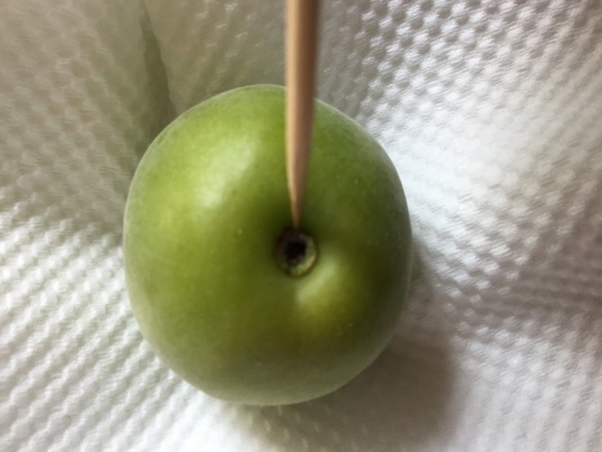 まず水洗いした梅のヘタを採ります。つまようじでヘタを刺してねじると、つるんと採れます。この時、水分が残るとカビや腐敗の原因になります。しっかり水分が乾くまで待ちます。その後、アルコール濃度の高い焼酎で消毒かわりに拭く方もいます。焼酎によって、塩をまぶしやすくする効果がありますので一石二鳥なのです。
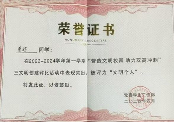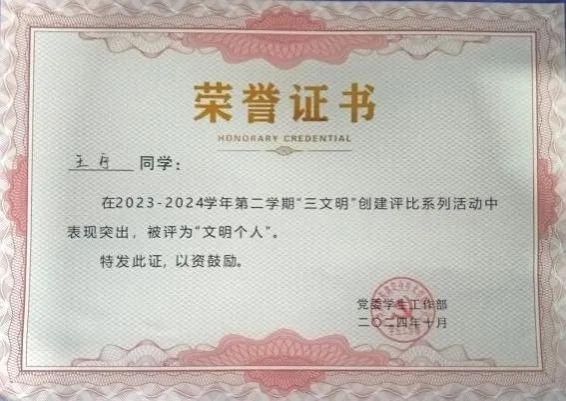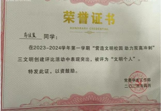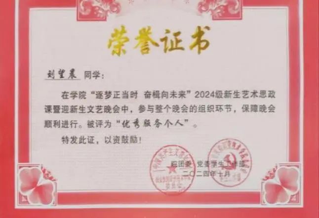 青春盛世,这次获奖,我感到非常荣幸和激动。这不仅是对我个人努力的认可,更是对我所在团队辛勤付出的肯定。在准备过程中,我学到了很多新知识,也遇到了不少挑战,但正是这些经历让我成长了许多。我会珍惜这份荣誉,继续保持积极向上的态度,不断提升自己的能力。
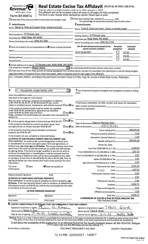 | 1 | 02/05/2021 | SWD | STATUTORY WARRANTY DEED | ROSE STEVEN G & SUZANN | GROVE TRAVIS B & JODI L | | | $599,000.00 | 140877 | 2021-01435 |
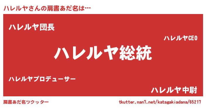 | 男性向けラノベタイトル風あだ名 | 『Re:ハレルヤから始める異世界生活』 |
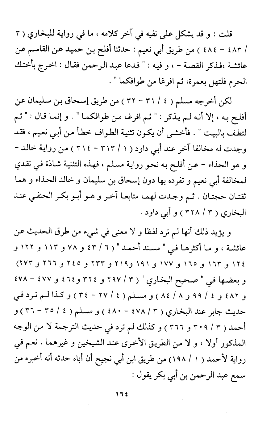 لكن أخرجه مسلم (4/ 31 - 32) من طريق إسحاق بن سليمان عن أفلح به، إلا أنه لم يذكر: " ثم افرغا من طوافكما ". وإنما قال: " ثم لتطف بالبيت ". فأخشى أن يكون تثنية الطواف خطأ من أبي نعيم، فقد وجدت له مخالفا آخر عند أبي داود (1/ 313 - 314) من رواية خالد - وهو الحذاء - عن أفلح به نحو رواية مسلم، فهذه التثنية شاذة في نقدي لمخالفة أبي نعيم وتفرده بها دون إسحاق بن سليمان وخالد الحذاء وهما ثقتان حجتان. ثم وجدت لهما متابعا آخر وهو أبو بكر الحنفي عند البخاري (3/ 328) وأبي داود.
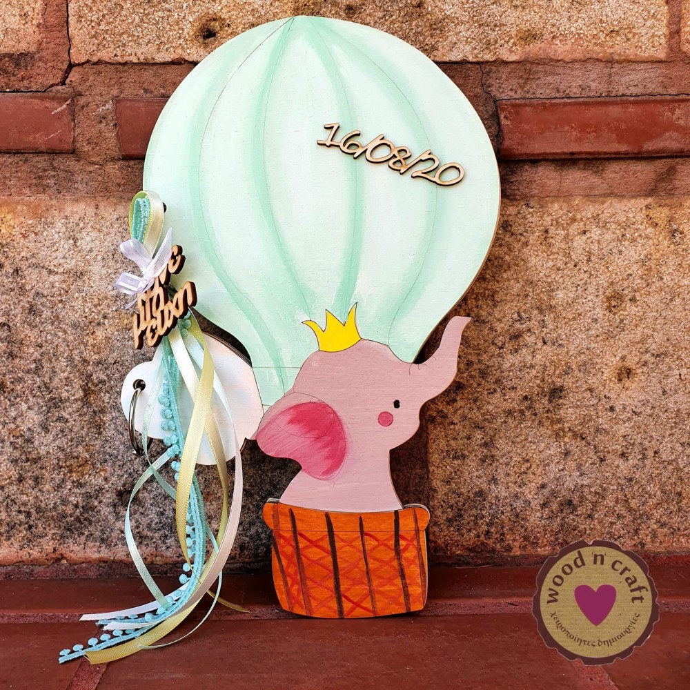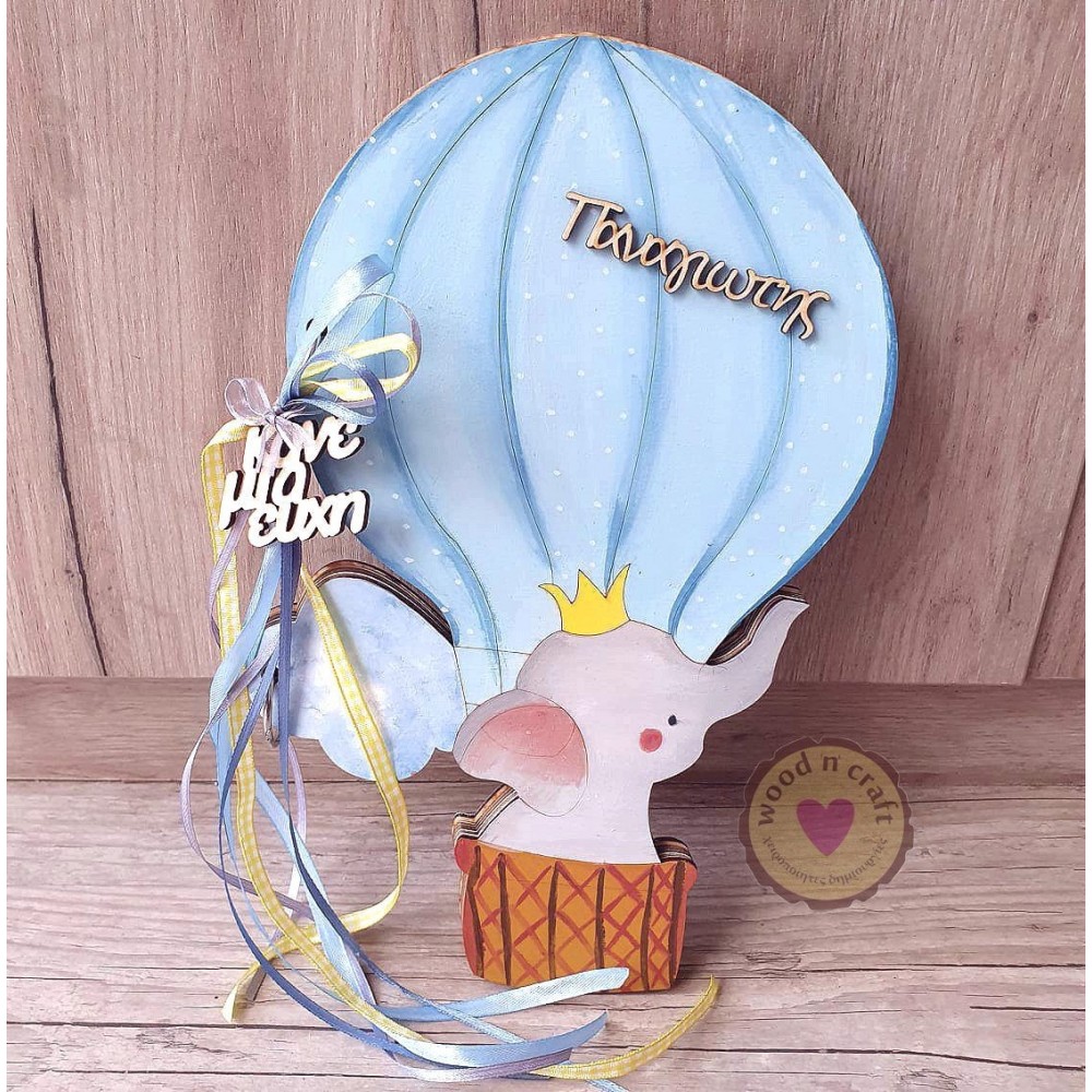 Ξύλινο χειροποίητο βιβλίο ευχών βάφτισης σε σχέδιο αερόστατο με ένα μικρό ελεφαντάκι με στέμμα. Κατασκευασμένο στα χρώματα της επιλογής σας με υψηλής ποιότητας εκτύπωση και διακοσμημένο με ανάλογα κορδελάκια και το όνομα της επιλογής σας!
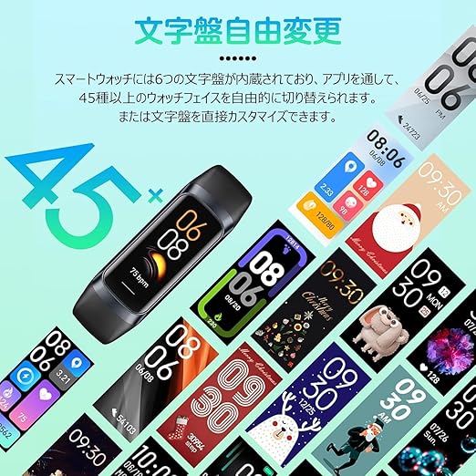【多種類文字盤】 スマートウォッチには6つの文字盤が内蔵されており、アプリを通して、45種以上のウォッチフェイスを自由的に切り替えられます。 または文字盤を直接カスタマイズできます。
____
• EXERCISE INSTRUCTIONS
Only the lines from the line with "140877 | 2021-01435 |" through the end of the entries above, copied exactly and with both ends included, belong in the response; the pictures do not.

• TASK OUTPUT
 | 1 | 02/05/2021 | SWD | STATUTORY WARRANTY DEED | ROSE STEVEN G & SUZANN | GROVE TRAVIS B & JODI L | | | $599,000.00 | 140877 | 2021-01435 |
 | 男性向けラノベタイトル風あだ名 | 『Re:ハレルヤから始める異世界生活』 |
 لكن أخرجه مسلم (4/ 31 - 32) من طريق إسحاق بن سليمان عن أفلح به، إلا أنه لم يذكر: " ثم افرغا من طوافكما ". وإنما قال: " ثم لتطف بالبيت ". فأخشى أن يكون تثنية الطواف خطأ من أبي نعيم، فقد وجدت له مخالفا آخر عند أبي داود (1/ 313 - 314) من رواية خالد - وهو الحذاء - عن أفلح به نحو رواية مسلم، فهذه التثنية شاذة في نقدي لمخالفة أبي نعيم وتفرده بها دون إسحاق بن سليمان وخالد الحذاء وهما ثقتان حجتان. ثم وجدت لهما متابعا آخر وهو أبو بكر الحنفي عند البخاري (3/ 328) وأبي داود.
 Ξύλινο χειροποίητο βιβλίο ευχών βάφτισης σε σχέδιο αερόστατο με ένα μικρό ελεφαντάκι με στέμμα. Κατασκευασμένο στα χρώματα της επιλογής σας με υψηλής ποιότητας εκτύπωση και διακοσμημένο με ανάλογα κορδελάκια και το όνομα της επιλογής σας!
【多種類文字盤】 スマートウォッチには6つの文字盤が内蔵されており、アプリを通して、45種以上のウォッチフェイスを自由的に切り替えられます。 または文字盤を直接カスタマイズできます。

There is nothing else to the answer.